__TO DO__.
Sift the material for lines containing "粵港澳大灣區薪酬及福利調查", and return them.

__AVAILABLE DATA__.

______

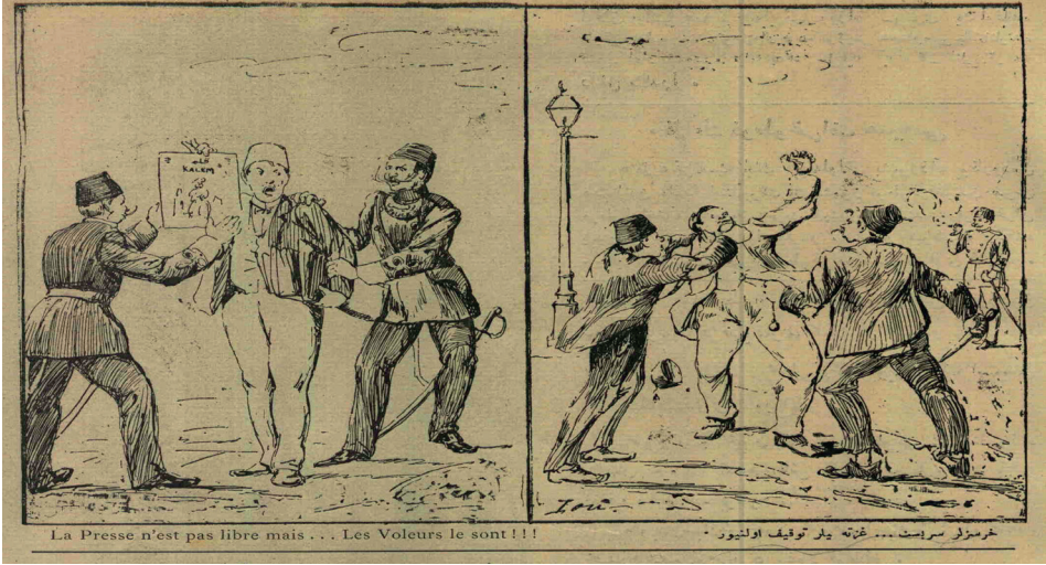
Resim 3: Hırsızlar Serbest 100

eşraftan oluşmadığı, gazeteci ve Genç Türklerden de eyleme katılanların olduğu bildirilmiştir. Ayrıca yaşanan gelişmelerden dolayı sadrazama karşı öfkeli olan protestocular, Sadrazam Mehmed Said Paşa'yı ziyaret ederek affın asıl amacının karışıklık çıkarmak ve henüz ilan edilmiş olan anayasal düzenin küçük düşürülmesi olduğunu ileri sürmüşlerdir. 99
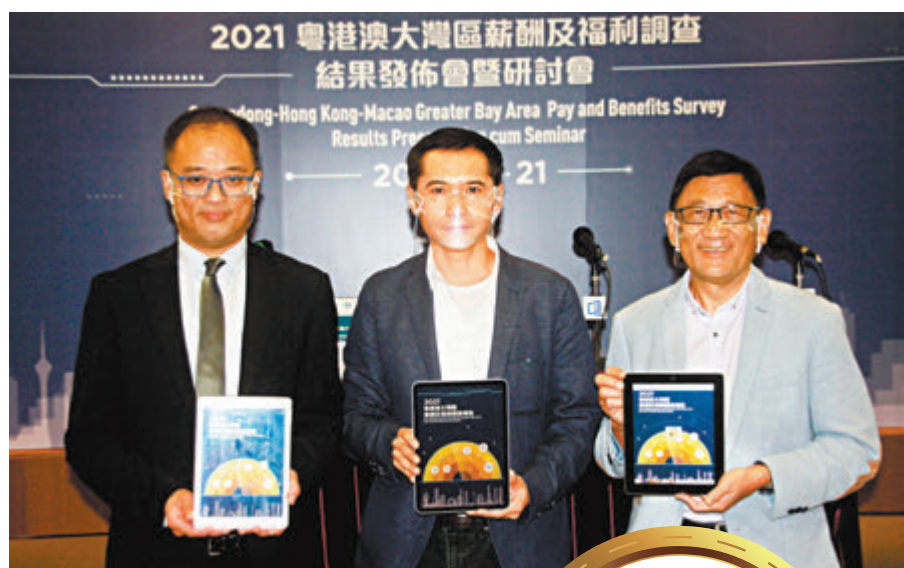
●「2021 粵港澳大灣區薪酬及福利調查」結果，按職級預測香港打工仔明年度(2021/22年度)獲加薪1.9%至2.4%。

香港新冠疫情漸趨穩定，打工仔均期望最難捱的日子已經過去，並獲加薪享受經濟復甦的成果。香港浸會大學工商管理學院人力資源策略及發展研究中心、香港人才管理協會等機構昨日公布「2021 粵港澳大灣區薪酬及福利調查」結果，按職級預測香港打工仔明年度(2021/22年度)獲加薪1.9%至2.4%，稍高於本年度的1.3%至2.1%，但仍遠低於大灣區廣東省其他城市的5.3%至5.8%。此外廣東省城市的應屆畢業生起薪點雖然比香港低一截，但調查機構指近年內地發展迅速、機遇處處，在內地工作的跳薪及晉升速度較香港快，大學畢業生最快3年至5年晉升為經理級職位，或較香港快一倍，呼籲港青放眼內地的發展機遇。

______

__SOLUTION BELOW__.
●「2021 粵港澳大灣區薪酬及福利調查」結果，按職級預測香港打工仔明年度(2021/22年度)獲加薪1.9%至2.4%。
香港新冠疫情漸趨穩定，打工仔均期望最難捱的日子已經過去，並獲加薪享受經濟復甦的成果。香港浸會大學工商管理學院人力資源策略及發展研究中心、香港人才管理協會等機構昨日公布「2021 粵港澳大灣區薪酬及福利調查」結果，按職級預測香港打工仔明年度(2021/22年度)獲加薪1.9%至2.4%，稍高於本年度的1.3%至2.1%，但仍遠低於大灣區廣東省其他城市的5.3%至5.8%。此外廣東省城市的應屆畢業生起薪點雖然比香港低一截，但調查機構指近年內地發展迅速、機遇處處，在內地工作的跳薪及晉升速度較香港快，大學畢業生最快3年至5年晉升為經理級職位，或較香港快一倍，呼籲港青放眼內地的發展機遇。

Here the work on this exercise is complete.